**SUPPLIED RECORDS**
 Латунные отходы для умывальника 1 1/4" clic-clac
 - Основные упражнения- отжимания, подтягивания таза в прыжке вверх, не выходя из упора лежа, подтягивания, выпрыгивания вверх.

--

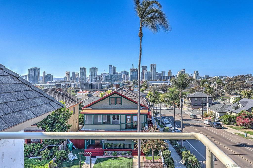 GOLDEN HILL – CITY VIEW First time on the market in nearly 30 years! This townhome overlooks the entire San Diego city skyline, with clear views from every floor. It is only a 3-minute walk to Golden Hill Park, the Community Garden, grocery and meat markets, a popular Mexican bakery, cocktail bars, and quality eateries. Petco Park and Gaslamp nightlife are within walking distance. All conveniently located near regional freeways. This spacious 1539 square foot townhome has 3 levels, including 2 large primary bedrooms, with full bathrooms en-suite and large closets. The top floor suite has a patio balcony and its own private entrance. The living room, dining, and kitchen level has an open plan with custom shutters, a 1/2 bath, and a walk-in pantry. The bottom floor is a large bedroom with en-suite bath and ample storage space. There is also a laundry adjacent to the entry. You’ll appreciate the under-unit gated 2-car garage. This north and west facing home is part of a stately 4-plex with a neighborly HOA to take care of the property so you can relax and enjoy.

**TASK BRIEF**
Output exactly one stretch of the listing: from the line containing "Латунные отходы для" through the line containing "- Основные упражнения- отжимания, подтягивания", both end lines included.

**ANSWER TO THIS TASK**
 Латунные отходы для умывальника 1 1/4" clic-clac
 - Основные упражнения- отжимания, подтягивания таза в прыжке вверх, не выходя из упора лежа, подтягивания, выпрыгивания вверх.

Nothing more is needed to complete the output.